I moved my PDCE role and accounts started locking out!

Hi, David here. We’ve seen a few cases on this now, so I wanted to put the word out and explain why it happens and how you can (very easily) prevent it from happening to you.

The scenario:

Imagine an ordinary domain admin. Let’s call him Fred. Fred has finally gotten the ok from his management to start deploying shiny new Windows Server 2008 R2 domain controllers (and the new hardware he wanted to do this). Fred brings up a DC and spends several weeks making sure that everything works. Then, confident in the stability of his new DC, he transfers the PDC Emulator role to it. Nothing explodes and everything appears to be good. Mission accomplished, Fred goes home and enjoys the rest of his weekend.

On Monday morning Fred gets to work and finds out that the help desk is swamped with calls from users whose accounts are locked out. Unlocking the accounts only seems to fix them temporarily, and then they get locked out again. Fred’s manager tells him to undo the change he made over the weekend, which he does. Desperate to figure out why his new DC betrayed him so horribly, Fred opens up a case with Microsoft for support and gets someone on our team.
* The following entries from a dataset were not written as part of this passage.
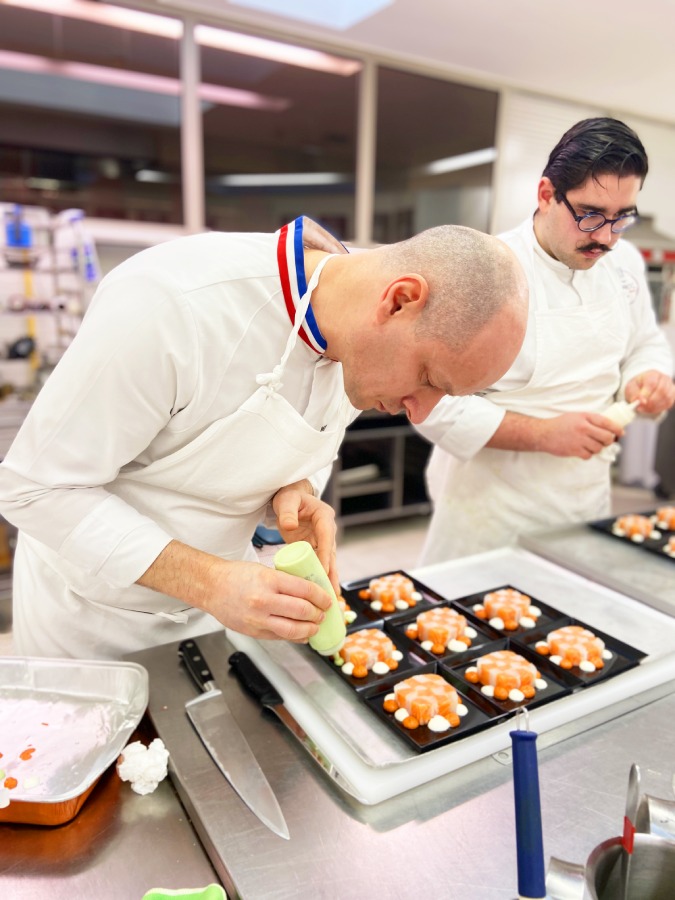 Le MOF Milan Radanovic a animé, les 26 et 27 janvier, un stage de haute facture tourné vers la promotion d’une offre traiteur printanière. Deux journées inspirantes durant lesquelles le charcutier-traiteur rennais a déployé tout son art à l’élaboration d’une gamme diversifiée de produits, déclinés en recettes originales alliant recherche de saveur et exigence esthétique. Au programme : « cannelloni de crabe et citron », « tarte tomate », « duo de saumon et cabillaud », « agneau printanier », « dos de merlu, carottes », « pintade aux asperges ».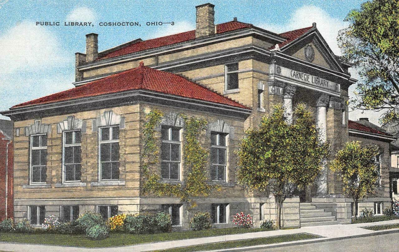 COSHOCTON, Ohio OH PUBLIC LIBRARY~Carnegie ca1940's Kropp Linen Postcard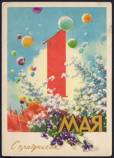 Почтовая карточка С праздником 1 мая, прошло почту 1959 г.
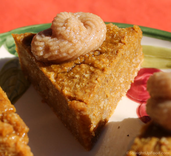 Above: You can also make mini pumpkin pies slices. After baking in a square pan and cooling, slice into three equal strips and then cut out little pie slices as you go across each strip.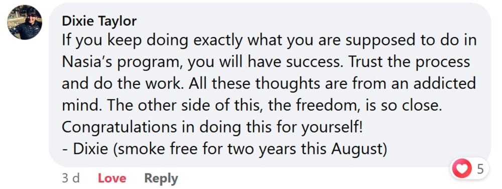 “If you keep doing exactly what you are supposed to do in Nasia’s program, you will have success. Trust the process and do the work. All these thoughts are from an addicted mind. The other side of this, the freedom, is so close. Congratulations in doing this for yourself!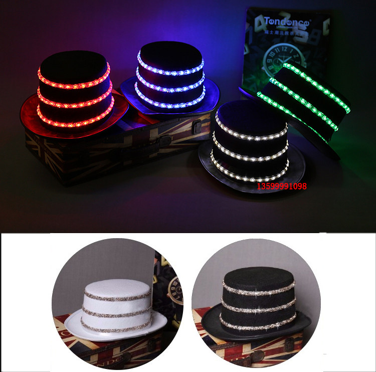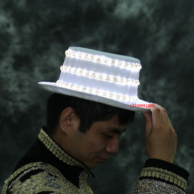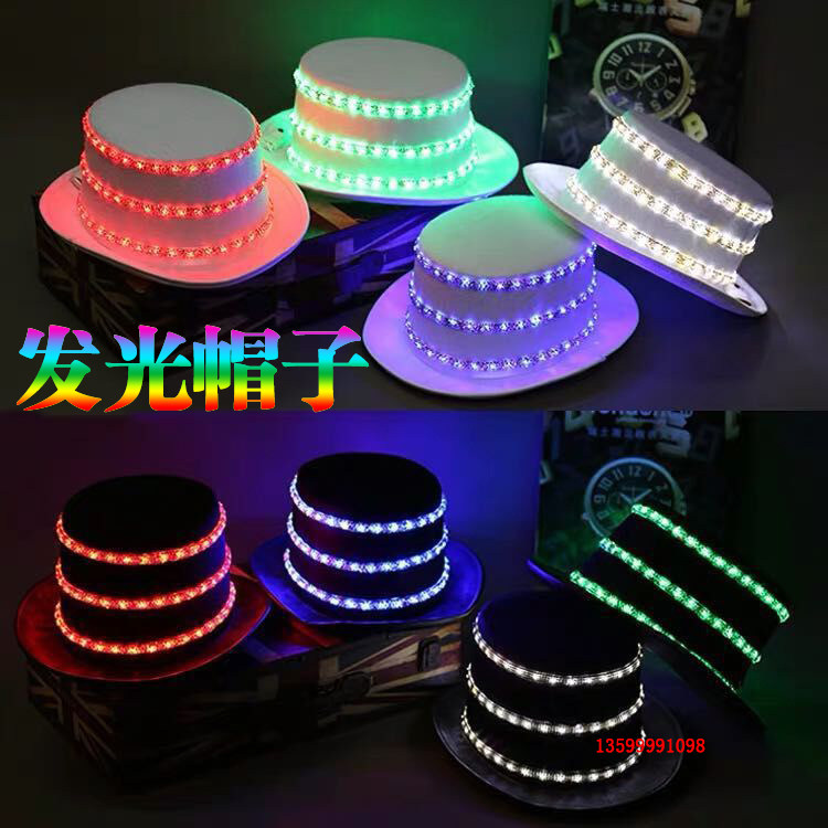 Nightclub nightclub hat nightclub black cap glow show clothing bar laser glow glasses gloves
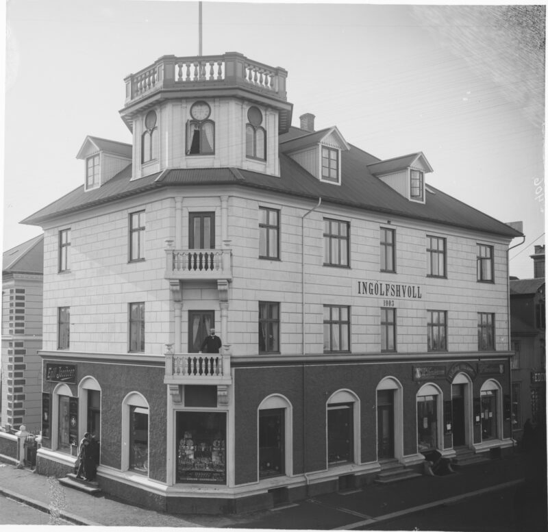 Reist á mótum Austurstrætis, Pósthússtrætis og Austurvallar rétt eftir 1900. Vöruhús á þremur hæðum, fyrsta stórverslun landsins þar sem Einar Benediktsson skáld hafði tögl og haldir. Húsið brann 1915.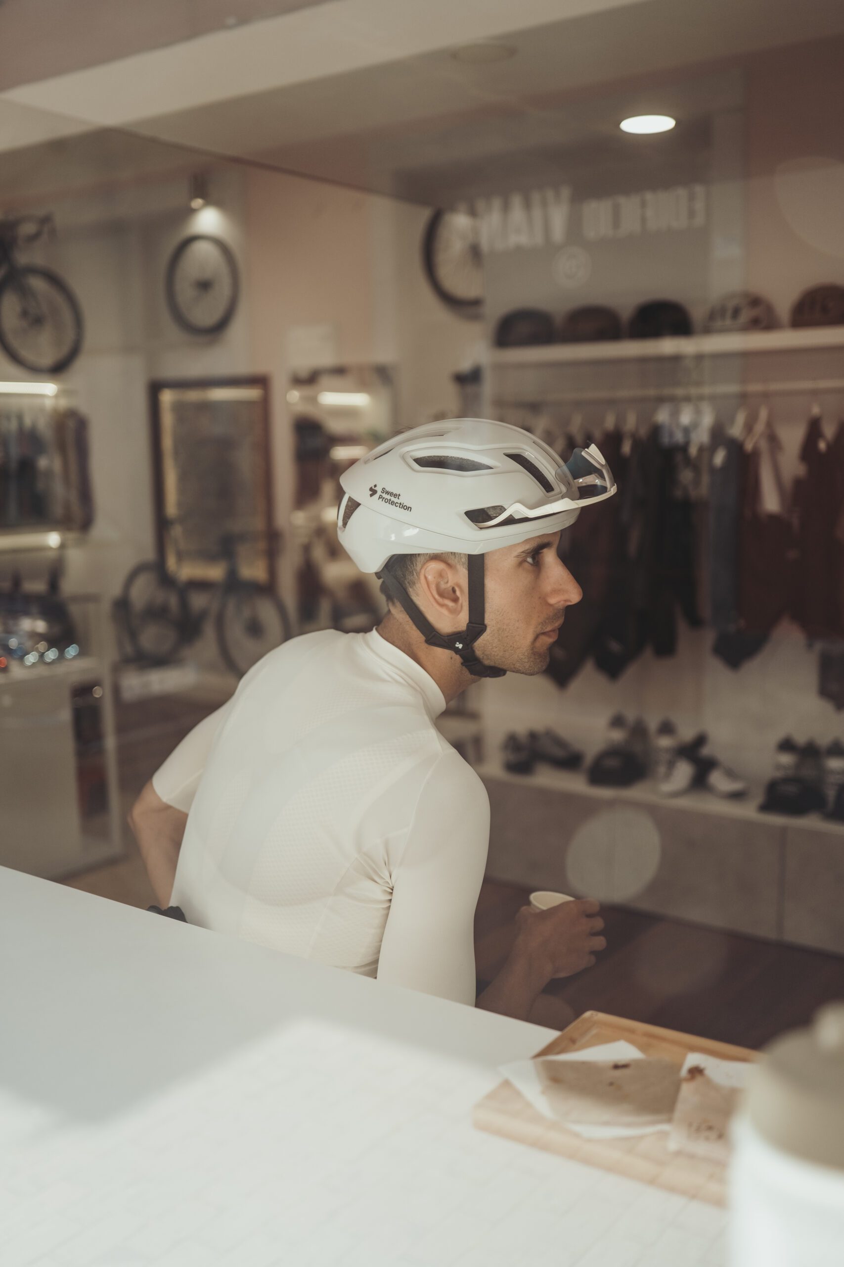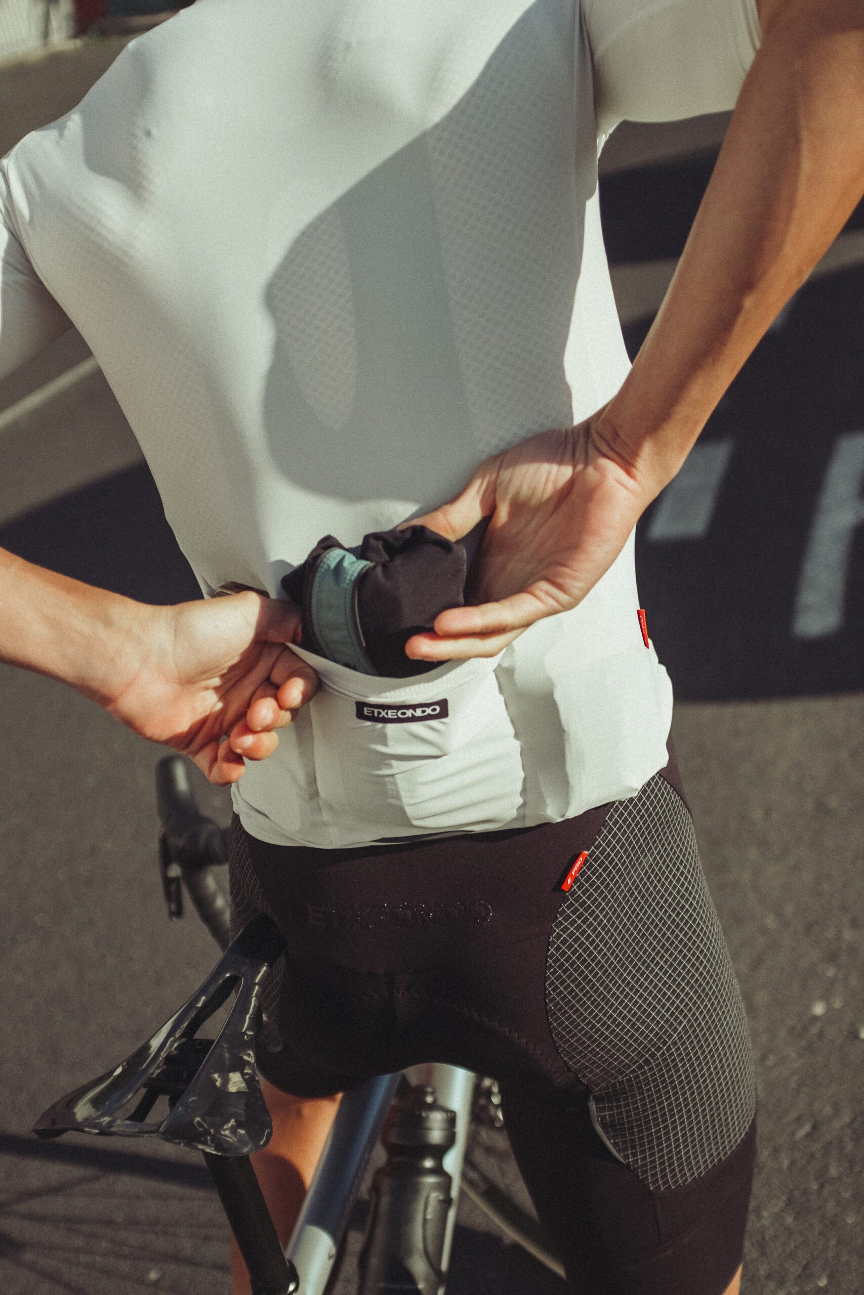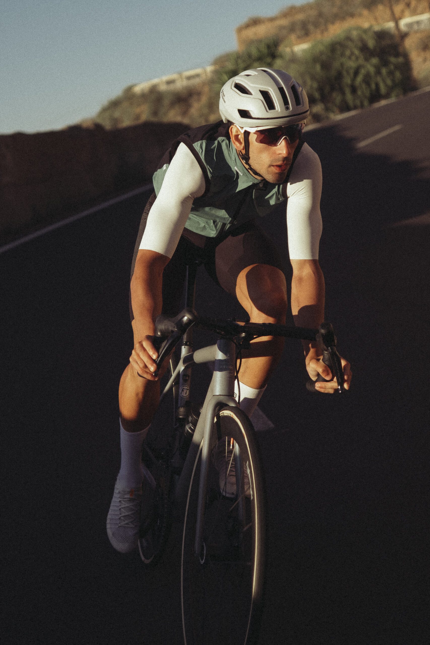 Dani Sanz lleva culote Orhi Dyneema, maillot Alde color marfil y chaleco Ligero.
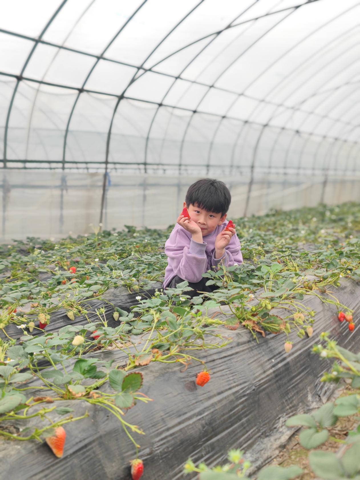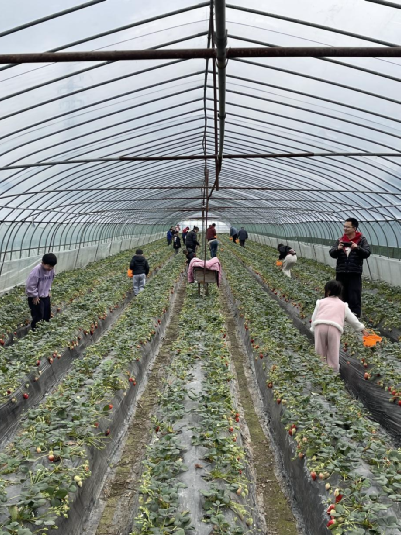 随后,大家一同前往草莓采摘园。进入大棚,浓郁的草莓香气扑面而来,瞬间驱散了雨天带来的丝丝凉意。一颗颗鲜红饱满的草莓在绿叶的衬托下显得格外诱人。教师和孩子们手持小篮,穿梭在草莓垄间,精心挑选着心仪的果实。大家一边品尝着新鲜摘下的草莓,一边展示采摘成果,亲子互动的画面温馨,弥足珍贵。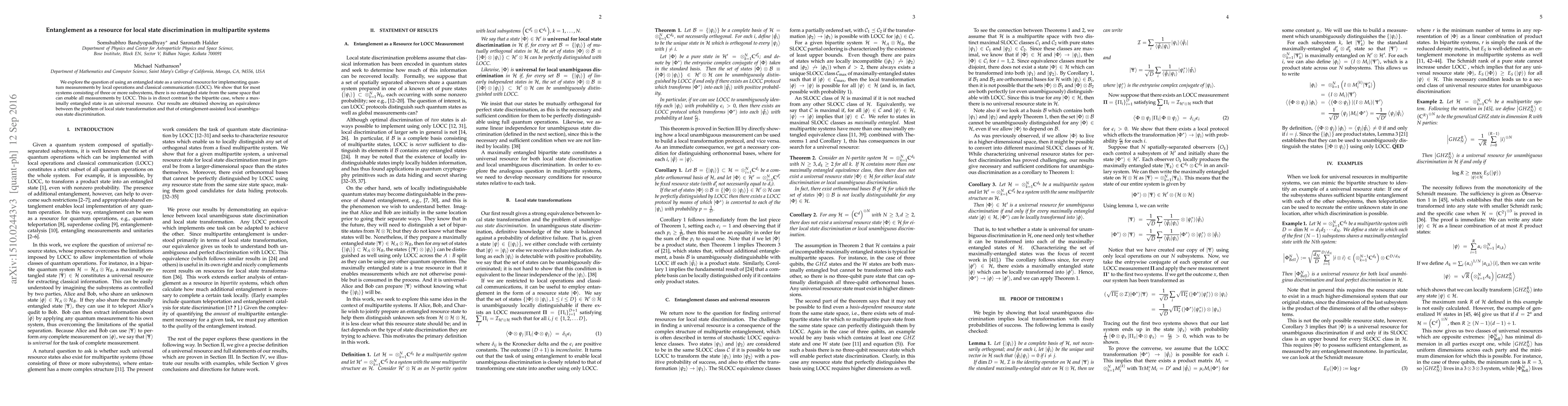 We explore the question of using an entangled state as a universal resource for implementing quantum measurements by local operations and classical communication (LOCC). We show that for most systems consisting of three or more subsystems, there is no entangled state from the same space that can enable all measurements by LOCC. This is in direct contrast to the bipartite case, where a maximally entangled state is an universal resource. Our results are obtained showing an equivalence between the problem of local state transformation and that of entanglement-assisted local unambiguous state discrimination.

Troubleshooting an account lockout:

Obviously this is a bad situation for Fred, but unfortunately it’s kind of hard to troubleshoot an account lockout without logs from while the problem was happening.

As an aside here, if you haven’t examined the Security Compliance Manager tool and its included docs, you should probably take a look. It lays out our recommendations around account lockout policies.

There are multiple tools for troubleshooting account lockouts, but sometimes it pays to go old-school: What we want for this are the Netlogon debug logs, which every domain administrator should be familiar with. Netlogon debug logging can show you all kinds of very useful information for troubleshooting authentication issues, particularly with NTLM authentication. In this situation, it shows us something very interesting if we take a look at the log from the domain controllers of the domain while the accounts are being locked out:

[LOGON] SamLogon: Transitive Network logon of Domain\User from Computer successfully handled on DC (UseHub is FALSE).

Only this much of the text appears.